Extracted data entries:
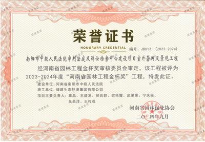 2023-2024年度“河南省園林工程金杯獎(jiǎng)”——南陽(yáng)市中級(jí)人民法院審判法庭及訴訟檔案中心建設(shè)項(xiàng)目室外管網(wǎng)及景觀工程
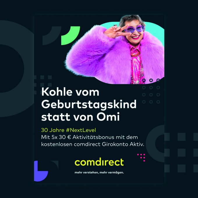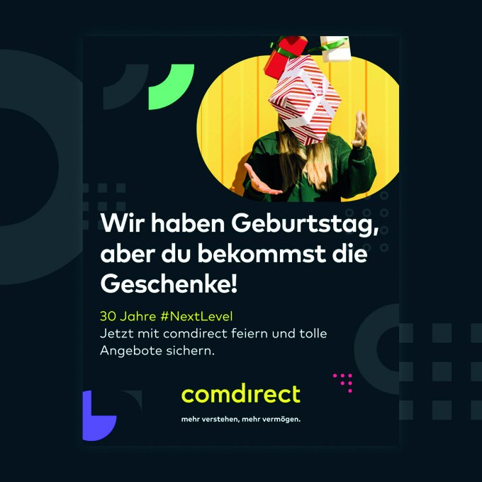 comdirect – eine Marke der Commerzbank AG feiert 30-jähriges Jubiläum. 1994 als Onlinebroker gegründet, ist die comdirect heute Direktbank und Onlinebroker mit einem der breitesten und qualitativ hochwertigsten Leistungsangebote im Markt. Anlässlich des Jubiläums wurden unter dem Dach „30 Jahre #NextLevel“ umfangreiche Marketingaktionen für Neu- und BestandskundInnen entwickelt und im Markt ausgespielt. Zusätzlich zu klassischen Disziplinen im Campaigning über den gesamten Marketingfunnel hinweg war ein Highlight das Online-Gewinnspiel #NextLevel nach dem Vorbild eines klassischen „Jump & Run“-Spiels im 90er-Style.
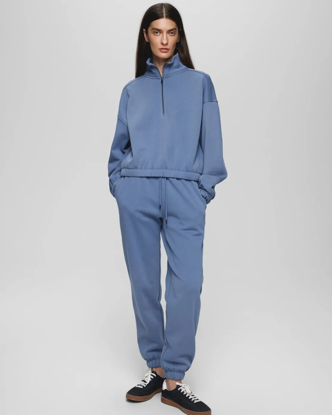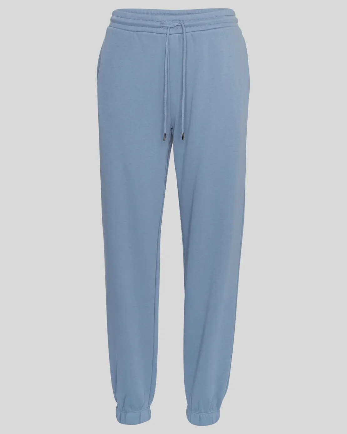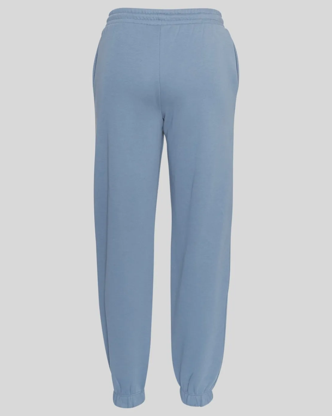 A pair of classic sweatpants with elastic waist with tie strings and elastic cuffs. They feature side pockets. The material is in the thicker quality and still ultra soft. Lift up your loungewear with this stunning blue set.
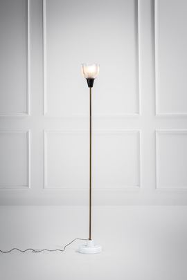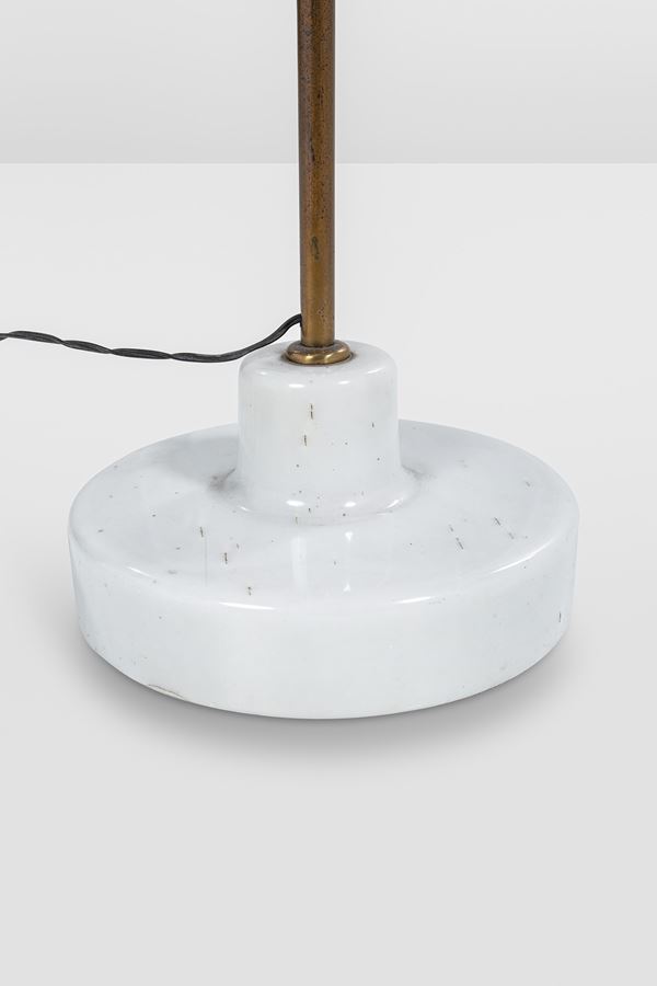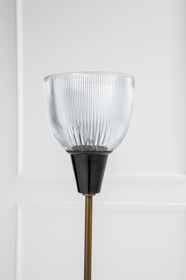 Alluminio anodizzato nero, ottone lucido, vetro prismatico, marmo tornito.
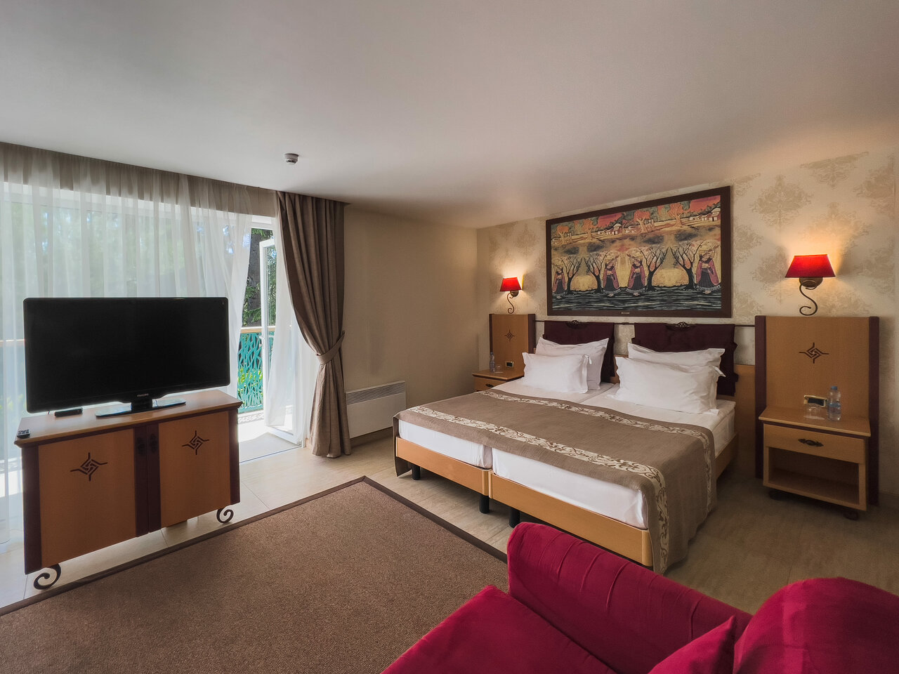 Отличный отель для отдыха с детьми! Брали улучшенный семейный номер, он очень уютный и милый балкончик. На территории 5 бассейнов,горки, анимация, классный песочный пляж, доп.сладости для детей: молочный коктейль, сладкая вата, попкорн. Нашей семье очень понравился там отдых

_What you are asked to do:_ Please ensure that the data above is repeated exactly, with no pictures in the copy.

_Solution for this task:_
 2023-2024年度“河南省園林工程金杯獎(jiǎng)”——南陽(yáng)市中級(jí)人民法院審判法庭及訴訟檔案中心建設(shè)項(xiàng)目室外管網(wǎng)及景觀工程
 comdirect – eine Marke der Commerzbank AG feiert 30-jähriges Jubiläum. 1994 als Onlinebroker gegründet, ist die comdirect heute Direktbank und Onlinebroker mit einem der breitesten und qualitativ hochwertigsten Leistungsangebote im Markt. Anlässlich des Jubiläums wurden unter dem Dach „30 Jahre #NextLevel“ umfangreiche Marketingaktionen für Neu- und BestandskundInnen entwickelt und im Markt ausgespielt. Zusätzlich zu klassischen Disziplinen im Campaigning über den gesamten Marketingfunnel hinweg war ein Highlight das Online-Gewinnspiel #NextLevel nach dem Vorbild eines klassischen „Jump & Run“-Spiels im 90er-Style.
 A pair of classic sweatpants with elastic waist with tie strings and elastic cuffs. They feature side pockets. The material is in the thicker quality and still ultra soft. Lift up your loungewear with this stunning blue set.
 Alluminio anodizzato nero, ottone lucido, vetro prismatico, marmo tornito.
 Отличный отель для отдыха с детьми! Брали улучшенный семейный номер, он очень уютный и милый балкончик. На территории 5 бассейнов,горки, анимация, классный песочный пляж, доп.сладости для детей: молочный коктейль, сладкая вата, попкорн. Нашей семье очень понравился там отдых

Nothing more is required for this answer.